However, the "delivering" of the water and organics isn't as simple as it sounds. As the particles travel through space they encounter solar wind, which is a stream of charged particles, predominantly hydrogen ions. When the ions collide with the dust particles, the atoms are knocked out of order and leave behind oxygen that is readily available to react with hydrogen. This is where the creation of water molecules may occur.

"It is a thrilling possibility that this influx of dust has acted as a continuous rainfall of little reaction vessels containing both the water and organics needed for the eventual origin of life on Earth and possibly Mars," said Hope Ishii, new Associate Researcher at UHM and co-author of the study, documented in this ScienceDaily article.

What's also thrilling is that these particles could do the same for exoplanets; worlds that orbit other stars. This means that the charged reactions as well as delivery of water and organic molecules could happen in almost any other planetary system.
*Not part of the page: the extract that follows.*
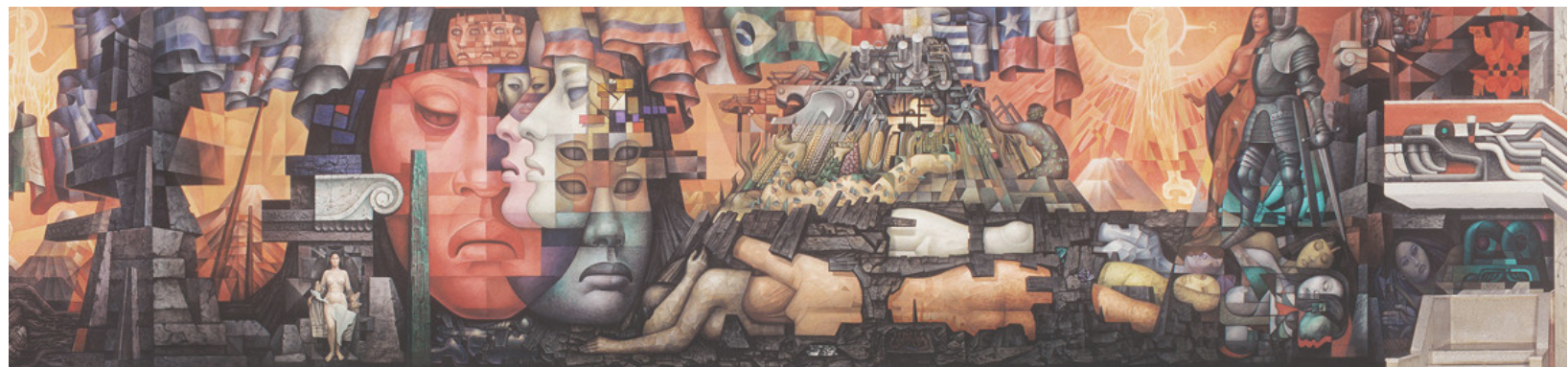
Mural "Presencia de América Latina" Pinacoteca Casa del Arte Universidad de Concepción Chile

This "solar wind irradiation" may also potentially explain the source of water ice located on permanently shadowed regions of the moon.

These interplanetary dust particles can help unearth new findings in space, particularly possible life form located in some other parts of the solar system.

Although this recent work does not suggest how much water has been delivered to Earth by these IDPs, the scientists at UHM School of Ocean and Earth Science and Technology, Lawrence Livermore National Laboratory, Lawrence Berkeley National Laboratory, and University of California-Berkeley aim to estimate such water abundances in future work.